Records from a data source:
┄┄┄┄┄┄┄┄┄┄┄┄┄┄┄┄┄┄┄┄

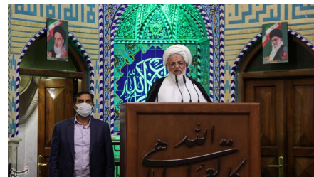
همه باید برای مهار سیل اقدام کنند

هفته نامه فرهنگی اجتماعی آوازی شهر میراث جهانی یزد - شماره ۵۴ ۸ مرداد ۱۴۰۱ - ۱۲ صفحه
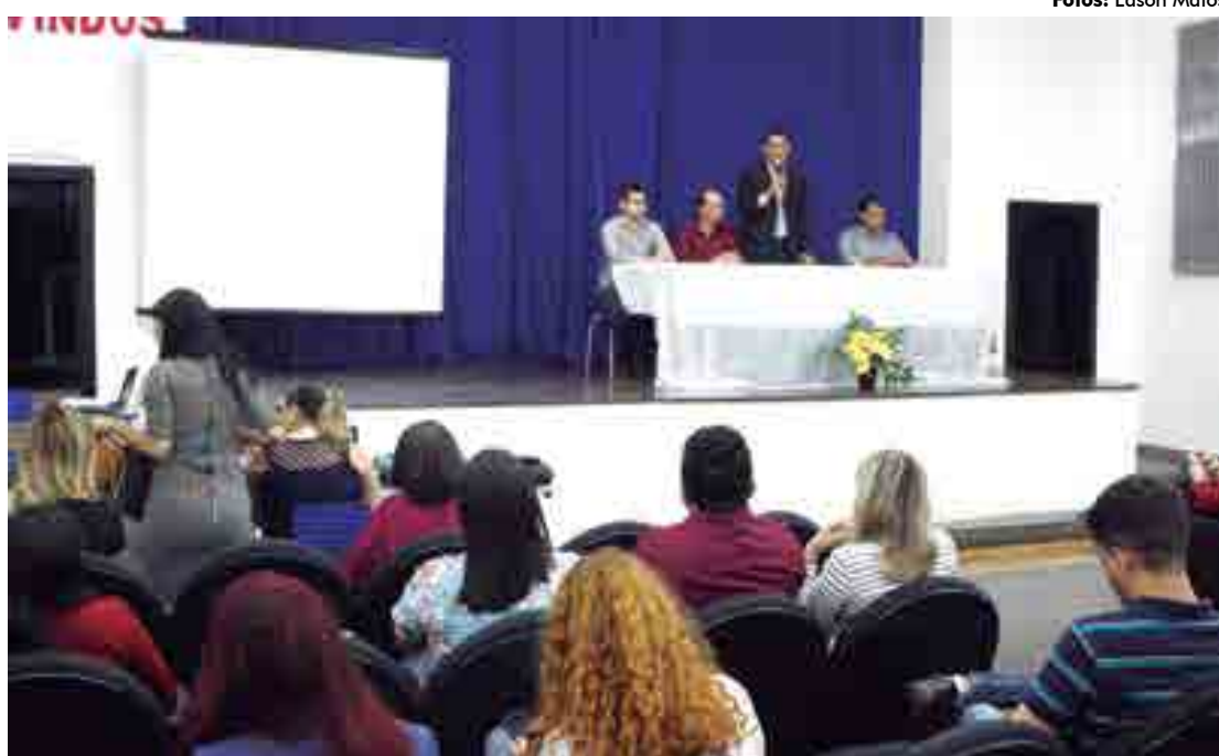
Dados do Índice de Educação da Paraíba 2018 foram apresentados ontem durante coletiva de imprensa no Liceu Paraibano

O secretário também enfatizou a importância de dar continuidade a esse crescimento nos próximos anos. “A Paraíba já escolheu que esse trabalho continue. O governador eleito João Azevêdo vai ter esse desafio de dar continuidade a essas políticas e fazer mais, como a gente tem falado, fazer o andar de cima, fazer o resultado. Várias ações que vão motivar os alunos e professores. Sabendo fazer a liderança da sua escola, com presença da sua escola, cada vez mais alunos presentes e estudiosos. Esse processo é que vai fazer essa continuidade para que a gente dê um salto”, comentou.
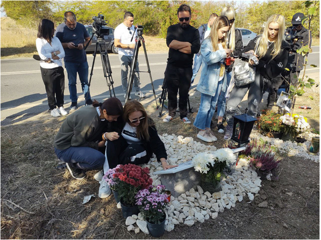
Placă comemorativă Sebi – 2 Mai
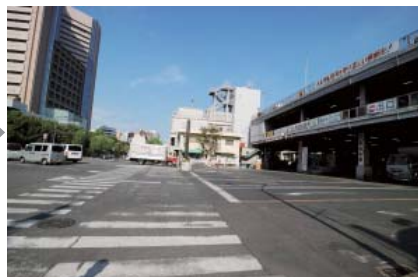
築地の中央卸売市場
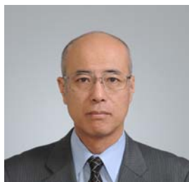
埼玉県立浦和高等学校長
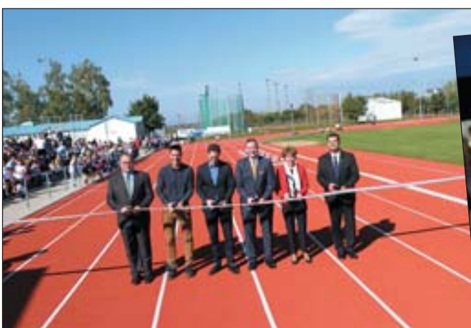
Rekordánborítású atlétikai pálya átadása.
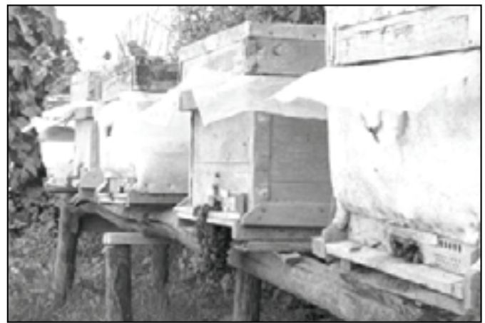
شکل ۶: خوشه بستن زنبورها در جلوی دریچه پرواز در کندوی معمولی و مقایسه آن با کندوی کف باز کناری
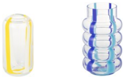
【商品名】ポップストライプ フLOWERベース M・L 【種類】M：イエロー／L：ライトブルー 【価格】M：¥ 3,500／L：¥ 4,000
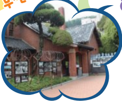
보수동 책방골목 극제시장
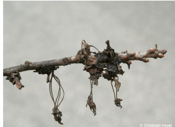
Poganjek češnje s posušenimi okuženimi ostanki cvetov in listov

http://www.apsnet.org/publications/imageresources/Pages/Nov_89-11-3.aspx
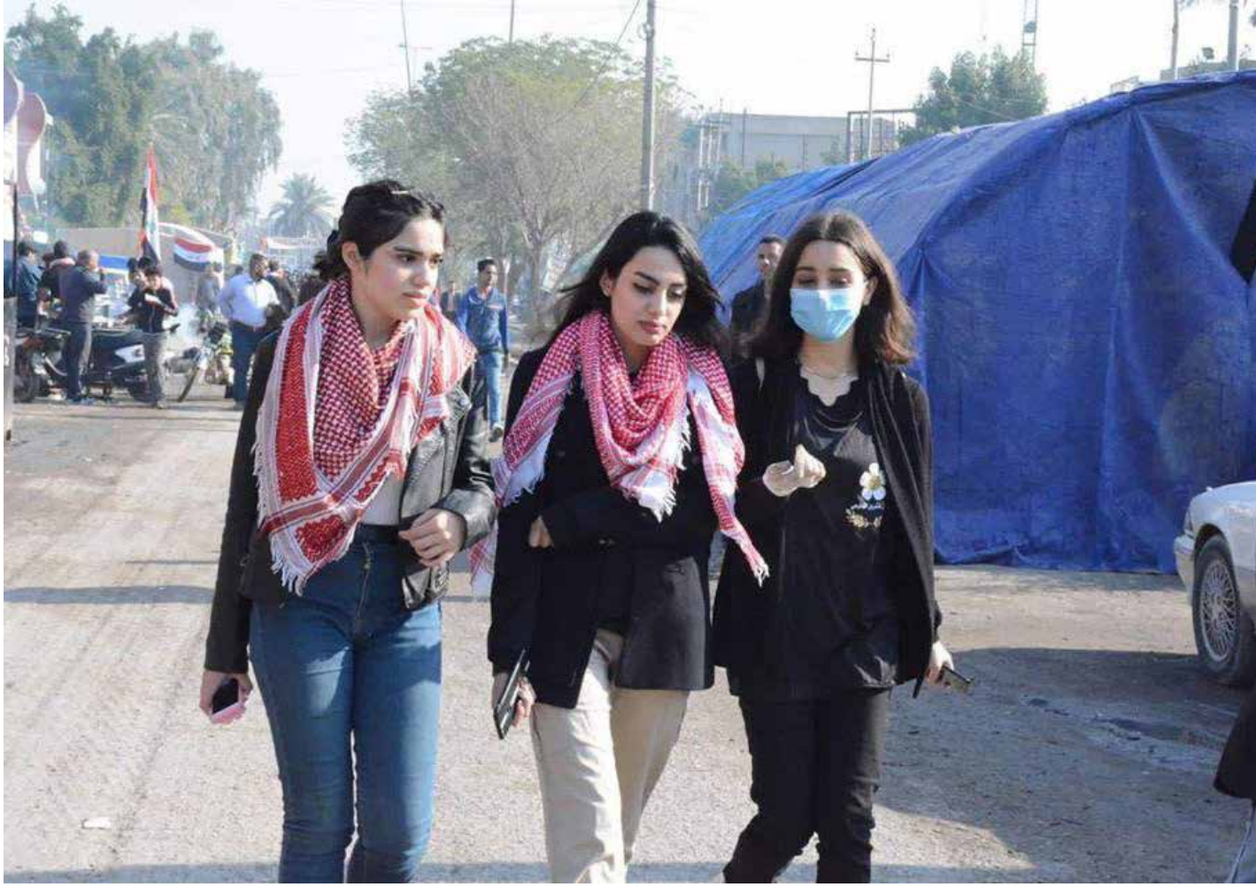
في انتفاضة تشرين الباسلة.. كسر الشباب القيد

واعترفت الناشطة أن "قوة تشرين دليل على هذا الاصرار والعزيمة والقوة التي تحلت بها النساء، واثبتت جداتها، جنبا الى جنب الرجل في الدفاع عن حقوقها".
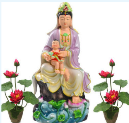
图 1-4 主体不突出
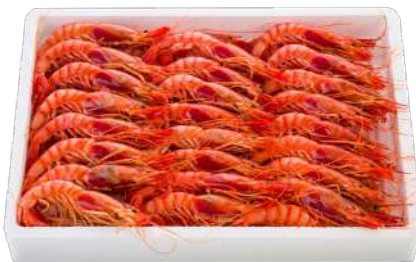
GAMBA ROJA ALISTADA NUMERO 3
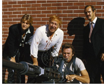
1974 LE CANARDEUR (Thunderbolt and Lightfoot) de M. Cimino avec Jeff Bridges, C. Eastwood
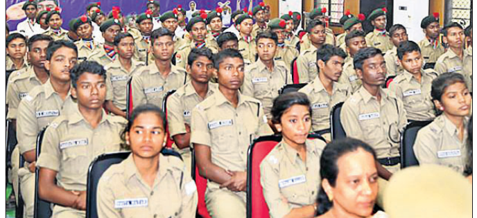
୨୦୧୯ ଜାନୁୟାରୀ ୨୪ରେ ଆରମ୍ଭ ହୋଇଥିବା ଷ୍ଟୁଡେଣ୍ଟ ପୋଲିସ କ୍ୟାଡେଟ୍ କାର୍ଯ୍ୟକ୍ରମରେ ଯୋଗଦେଇଥିବା ଛାତ୍ରାଛାତ୍ରୀ । (ଫାଇଲ ଫଟୋ)

■ ୨୦୧୯ରେ ରାଜ୍ୟର ୫୦ ସ୍କୁଲରେ ହୋଇଥିଲା କାର୍ଯ୍ୟକାରୀ ■ ଶୁଭାରମ୍ଭ ପରେ ଭୁବନେଶ୍ୱରୀ ରାଜ୍ୟ ପୋଲିସ
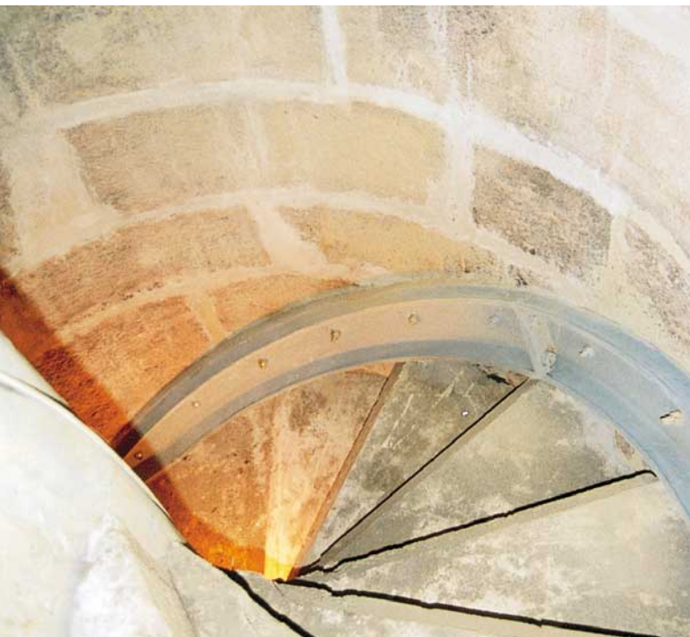
Abb. 4: Statische Sicherung des Treppenturmes mit einer vor Ort geformten Spirale aus Stahl-U-Profilen

Dazu wurde beidseitig des Risses schräg mit \varnothing 40 mm gebohrt, so dass die Nadeln ( \varnothing 12 mm aus Edelstahl) den Riss kreuzen. Der Abschluss des Turmschaftes bildet ein Stahlbeton-Ringbalken, der die Mauerkrone stabilisiert und gleichzeitig als Auflager für die Turmhaube dient (Abb. 5).
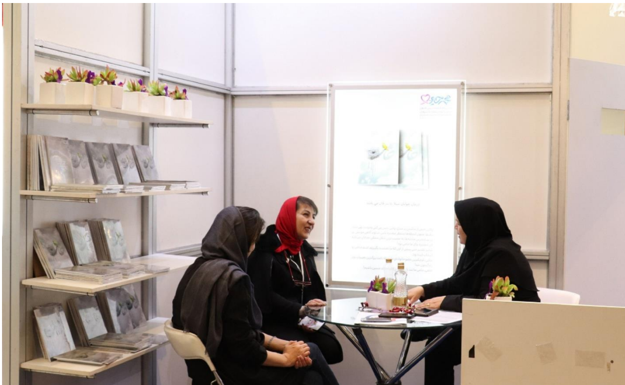
حضور نماینده خیریه ریحانه سعادت در غرفه موسسه و آشنا شدن با فعالیتهای موسسه توسط مددکاران موسسه
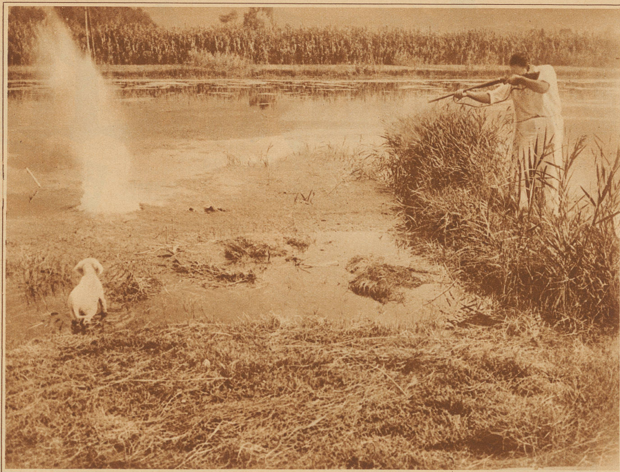
Fische werden geschossen. Dieser eigenartige Sport ist hauptsächlich in Italien weit verbreitet. Der Schütze braucht den Fisch nicht direkt zu treffen, es genügt, wenn das Geschöß in unmittelbarer Nähe einschlägt. Der durch den Einschlag verursachte Wasserdruk bringt die Schwimmblase des Fisches zum Platzen oder lähmt sie wenigstens derart, daß er nicht mehr schwimmen kann. Der Hund hat dann leicht, die Beute zu apportieren
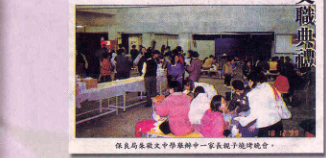
校長與各級中學教師辦中一家長教師聯誼會。

"I believe everyone possesses a dignity that one deserves to be blessed and proud of even though they may shine in different aspects." The school's cycling, football and handball teams have achieved many great accomplishments in inter-school competitions. The students' enthusiasm for social services has won the school the Po Leung Kuk Ping Pong Raising Day championship over three consecutive years. In recalling his years with the school since 1994, Mr Chan is most delighted to see the changes undergone by the students. "I have witnessed the power of sports in correcting the students' behavioural problems," he said. "I am so glad to see that some students have become more self-disciplined in school under the influence of the coach's strict disciplinary requirements in training." The sense of achievement from extracurricular activities to work harder at their studies. "When I first came to the school, I knew that our students were generally less interested and motivated in their studies."
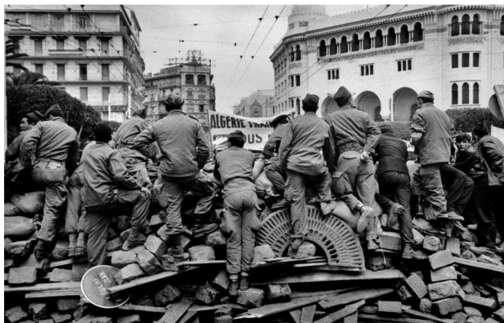
Тиждень барикад, Алжир, січень 1960 р.
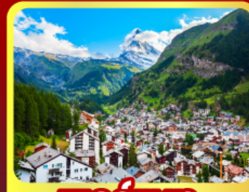
เชอร์แมนท์
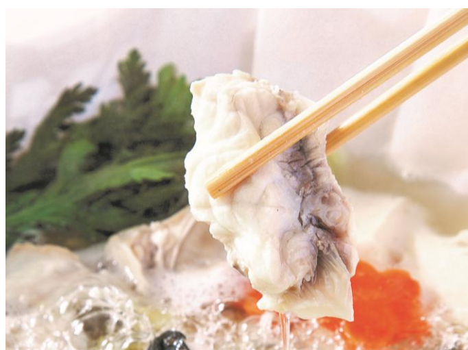
とらふぐ料理の定番「てっちり」
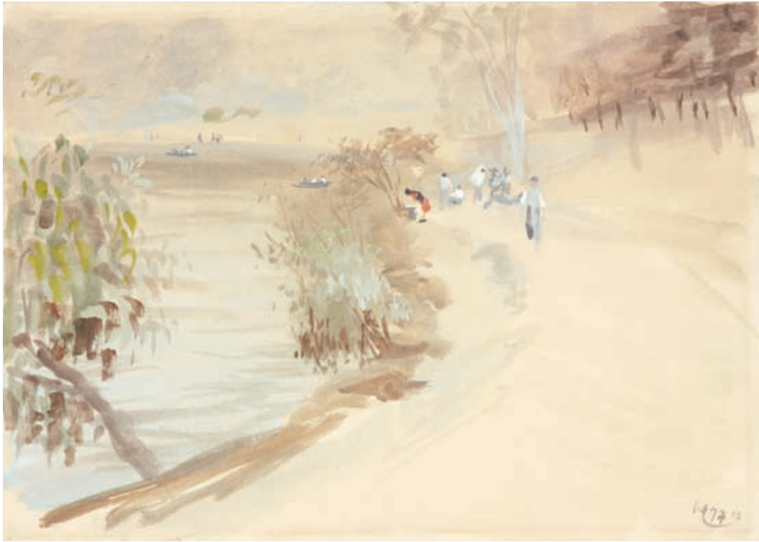
CHAPULTEPEC , 1942. Acuarela y gouache sobre papel. 25 x 35 cm [cat. núm. 2]
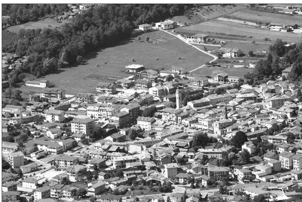
Significativi i riflessi sul territorio con l'approvazione della variante al PRGC

Con l'approvazione di tale strumento urbanistico è però subentrata anche una problematica inaspettata poiché è stato "stralciato" l'intero articolo riguardante la destinazione commerciale in quanto il piano stesso dovrà essere "riadeguato" ad una nuova deliberazione del Consiglio Regionale risalente al marzo del 2006 per la quale sarà ora necessaria la predisposizione di ulteriori elaborati da riapprovare in Consiglio Comunale apportando di seguito una nuova "variante non sostanziale" ai sensi dell'ex art. 17 della L.R. n° 56/77 smi., che consentirà di "riottenere" la normativa in tale ambito con l'introduzione di alcune ulteriori modifiche di destinazione zonale che nel frattempo sono emerse. Servi-

┄┄┄┄┄┄┄┄┄┄┄┄┄┄┄┄┄┄┄┄

Activity:
Taking the entries above, copy word for word the lines from the one with "في انتفاضة تشرين الباسلة.. كسر الشباب القيد" up to and including the one with "୨୦୧୯ ଜାନୁୟାରୀ ୨୪ରେ", without any picture.

Response to this exercise:
في انتفاضة تشرين الباسلة.. كسر الشباب القيد

واعترفت الناشطة أن "قوة تشرين دليل على هذا الاصرار والعزيمة والقوة التي تحلت بها النساء، واثبتت جداتها، جنبا الى جنب الرجل في الدفاع عن حقوقها".
图 1-4 主体不突出
GAMBA ROJA ALISTADA NUMERO 3
1974 LE CANARDEUR (Thunderbolt and Lightfoot) de M. Cimino avec Jeff Bridges, C. Eastwood
୨୦୧୯ ଜାନୁୟାରୀ ୨୪ରେ ଆରମ୍ଭ ହୋଇଥିବା ଷ୍ଟୁଡେଣ୍ଟ ପୋଲିସ କ୍ୟାଡେଟ୍ କାର୍ଯ୍ୟକ୍ରମରେ ଯୋଗଦେଇଥିବା ଛାତ୍ରାଛାତ୍ରୀ । (ଫାଇଲ ଫଟୋ)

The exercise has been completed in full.